The give back of space is not over, but there won’t be as large of chunks of space coming back on the market in the next year. The demand for single-user buildings will still exist, especially if prices drop and capital remains cheap. However, it is expected that the availability of these user properties will decrease over the next 6-12 months.

Companies will move ahead with caution. Much of the fuel coming from those firms that have survived so far and the smaller to mid-size companies who are expanding for the short-term.

While very selective new speculative development may begin in late 2004 and early 2005, opportunities will either be far beyond the inner core – down to Lakeville, up to Forest Lake and out beyond Rogers and nearing the Wisconsin border. Any inner ring development will come from redevelopment of obsolete buildings, however, it is likely that cities will pressure developers away from industrial and toward higher uses like retail or residential.

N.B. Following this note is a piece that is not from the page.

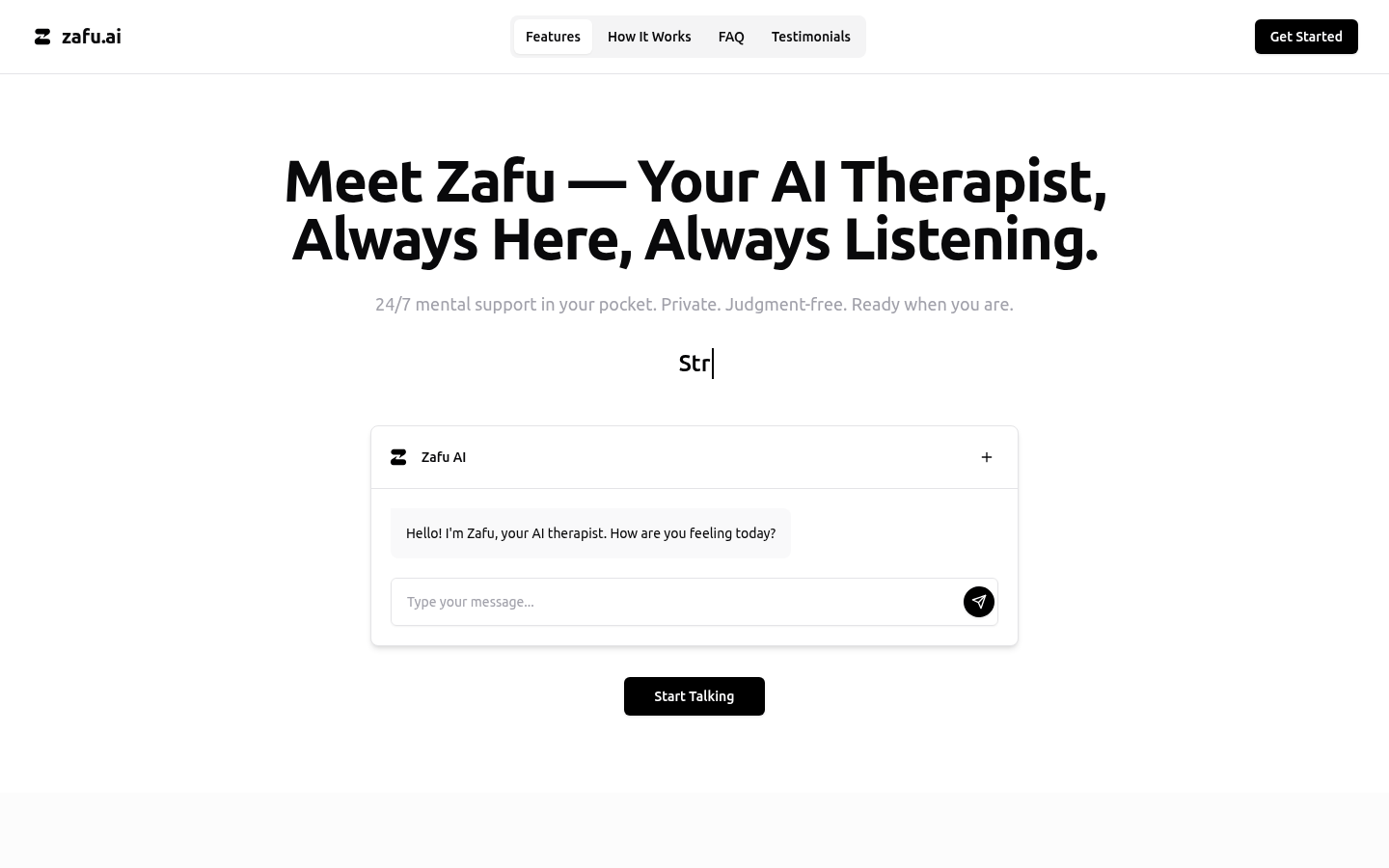 Zafu.ai利用AI技术随时随地提供可及的心理健康支持。这一创新工具为用户创造一个安全空间,通过个性化对话应对焦虑、压力和情绪挑战。与传统治疗不同,它无需预约或等待,全天候可用。

Quoted rental rates will hold steady; they are at the bottom and likely will remain there for six to 12 months. However, landlords will continue to cut aggressive leases to draw and retain tenants.

By the end of 2004, there could be as much as 2 million square feet to 2.5 million square feet of positive multi-tenant absorption, plummeting the vacancy to 12 percent.  The growth will be broadly based, so it should be steady and slow. The medical device/bio-tech industry, for example, will continue to thrive and look to expand.  Some manufacturing industries, such as plastics, printing and logistics/fulfillment, will continue to prosper due to a consolidated competitive environment and will be looking for additional space.